No. Steve Carell isn’t a better actor than the late, great Jack Lemmon, but he might be a contender. Their talent is similar enough for me to make the connection; if I had the inside ear of Mr. Carell, I would advise him to step up and follow Jack’s path and fight for more dramatic roles, because once an actor is associated to their Golden Age counterpart, it amps up the brightness of their star power. Consider George Clooney and Cary Grant. Tom Hanks and Jimmie Stewart. Brad Pitt and Robert Redford. Meryl Streep and Katherine Hepburn. Michelle Pfeiffer and Lauren Bacall, Naomi Watts and Grace Kelly–pairings I associate when I watch either one.
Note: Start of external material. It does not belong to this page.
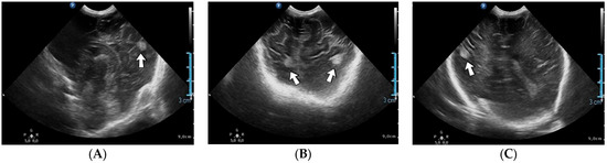 Cerebral thromboembolism on brain ultrasound: parietal lobes (A–C).

Steve Carell has deviated from comedic roles and branched out to flex his dramatic muscles. Carell’s got a gift for comedic timing playing dorky, clueless, good-hearted men. Frequently he is the butt of the joke or the rag-doll of the Gods. I’ve been laughing at his voice, his expressions, and his situations for almost twenty years. He had a cult following for seven years as Michael Scott, the principal character in the television series, The Office. In films, he grew away from the sophomoric comedy and turned to dark comedy. Little Miss Sunshine (2006) was an indie-great. Then he surprised many with his dramatic portrayal of creepy John DuPont in Foxcatcher (2014). Carell was convincing in the A-list ensemble cast of the comedy-drama, The Big Short (2015). When I watched him in Woody Allen‘s Café Society (2016), I was impressed with Carell’s role as the uncle whose mistress broke the heart of the protagonist, Bobby Dorfman (Jesse Eisenberg). In 2017, according to Indiewire, LAST FLAG FLYING a Richard Linklater film, is a “spiritual successor” to The Last Detail (1973). That should be good. Another intriguing role Steve Carell will play in 2017 is the comedy/drama, Battle of the Sexes as Bobby Riggs and Emma Stone as Billy Jean King. In fact, it seems as though a new genre is blossoming. What was once labeled a dark comedy is now a “comedy/drama”. Please, what’s the difference? It’s the perfect stage for Steve Carell who is the new King.

There are not many actors today who can pull off comedy and drama. Jack Lemmon was an expert at both. I can hardly think of another actor who had his breadth of talent. Nominated 8 times and winning 2 Oscars (Best Actor: Save the Tiger (1974); Best Supporting Actor: Mister Roberts (1956), Jack Lemmon was highly esteemed by everyone in the business. He was a nice guy. A ham who wasn’t afraid to show humility and a sharp mind.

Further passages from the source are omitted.